李炜脸部肌肉抽搐,突然叫道:“你有证据吗?”
“我没有,但有一个人有。”
大家随着张燕铎的目光,一齐看向李云竹,李炜脸色变了,冲李云竹惊慌地叫道:“你要想好,不要乱说话……”
“是的。”
打断李炜的警告,李云竹点头说:“张先生没说错,墙壁上的伪装是我父亲跟几个盘龙村的村民做的,那天他们放了招待所所有人的假,我觉得奇怪,就留意了一下,凶案发生那晚,我听到野兽的叫声后没多久,就发现我父亲从外面进来,我跟随他上了二楼,看到他用钥匙打开客房的门,将伪装的墙纸撕下来,藏在了空房间里……可是他没有杀人啊,我亲眼看着他撕了墙纸就走掉了,他真没杀人……”
夏颖雪忍不住了,叫道:“光撕墙纸有什么噱头?再说人不是他杀的还会是谁杀的,你儿子都被他害死了,你就不要再包庇他了,而且他也有动机啊,他都为了灭口杀了高海生跟李方顺了,再杀一个医生也没差的。”
“真的不是……”李云竹急得话都说不利索了,“如果真是我父亲杀的人,我会说的,我把他伪造太岁的事都说出来了,还有必要再帮他隐瞒吗?”
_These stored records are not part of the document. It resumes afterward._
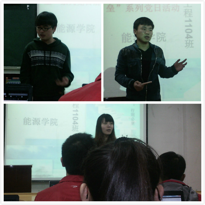为积极响应学校号召,加强支部组织思想建设,进一步提高支部的凝聚力,充分发挥学生党支部的战斗堡垒作用,4月11日下午,能源学院工业工程1104班党支部在院楼102教室开展以“一个支部一个堡垒”为主题系列党日活动。工业工程1104班全体党员、预备党员和积极分子参加本次活动。能源学院11级辅导员封静老师、采矿1004班支部书记朱乾坤、校大通社社长王景和校网络工作室主任贺浩应邀出席本次活动。
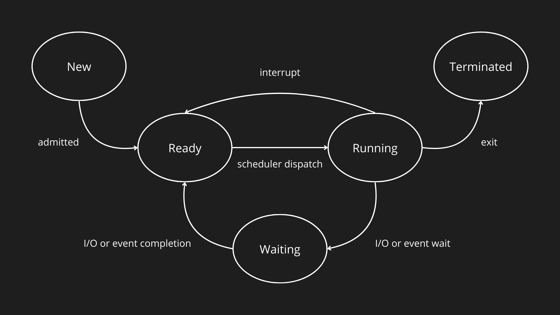 - Terminated: Il processo ha completato l’esecuzione e l’OS può eliminarlo.
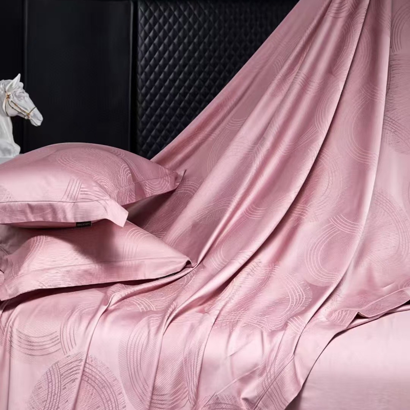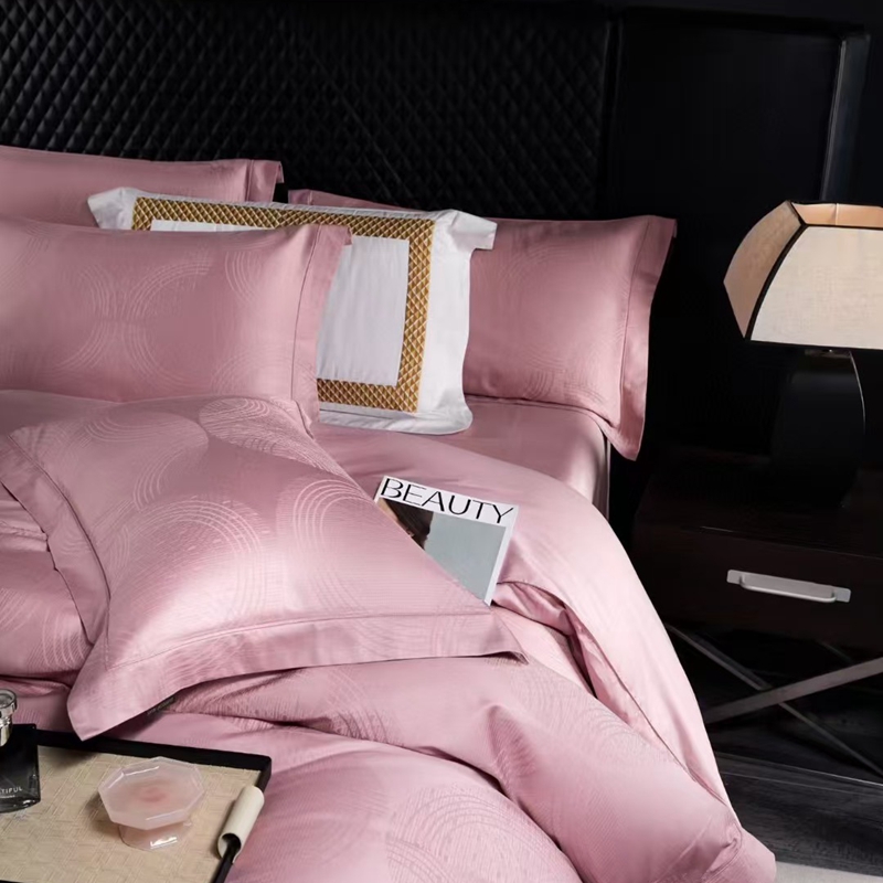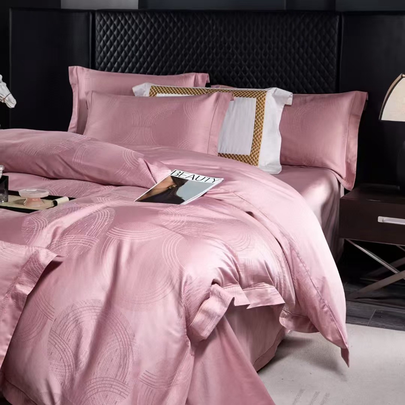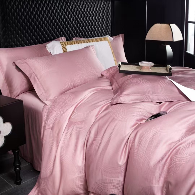 商品名称:玖琳家纺 2025新款100s提花高支高密新疆长绒棉四件套 幻圆梦境 胭脂粉

关琥本来料定凶案是李炜做的,没想到关键时刻会变成这样的局面,他看向张燕铎,张燕铎问李云竹,“李炜离开客房的时候是不是没关门?”
“我当时很紧张,不太留意,好像没听到关门声。”
“所以锹甲就是那时候飞进去的。”
吴钩本来一直在垂头假寐,像是局外人,听到张燕铎的话,他立刻睁开眼,问:“锹甲?”
“对,锹甲。何仲生的确是李应龙等人请来的,表面看,为了杀人灭口,他们干掉何仲生是顺理成章的事,但这个假设要建立在何仲生有帮助他们的前提下。”
“明明是你们说李连锁是被乱用药物才导致精神混乱的,为什么你自己推翻了?”
“我没有推翻,因为会用那些精神药物的除了何仲生外,还有一个人。”
张燕铎看向角落一边。
小谢站在那里,由于光线昏暗,他又一直保持沉默,所以大家几乎都把他忘记了,直到张燕铎提起,夏颖雪才想起来,说:“他好像是何医生的助手?”
几束手电筒的灯光照过去,阴影投在小谢的脸上,让他的表情多了一份诡异的色彩,他看向众人,最后目光定格在张燕铎身上,微笑说:“怎么推理到最后,推到我身上了,你不会是说杀何医生的是我吧?我是第一次来盘龙乡,跟乡长所长都不熟悉,难道我会为了不熟的人杀掉给我发薪水的人?”
“你不是为了李炜他们杀人,你杀人另有目的。”
“喔?是什么?”
张燕铎没有马上回答,只是盯着他看,小谢也一脸无所谓的样子,任凭他注视。
事情发展到这里,连关琥也大脑混乱了,他凑到张燕铎身边,附耳小声问:“你确定你没有判断错误?”
“迄今为止,我有判断错什么事吗?”
是没有,只是张燕铎的论点跳得太快,连他都有些理解不能了。
张燕铎开始讲述,“李炜跟李应龙的确是抱着利用精神病药物刺激李连锁神智的想法,但这个真相他们会不会告诉何仲生呢?别忘了多一个人知道,就多一份危险,所以如果我是他们,最多是找各种理由请求何仲生多用药,而不是跟他说明自己的真实意图,但最后李连锁还是越治越疯,为什么?是另外有人在何仲生不知道的情况下给李连锁下药,就是你!”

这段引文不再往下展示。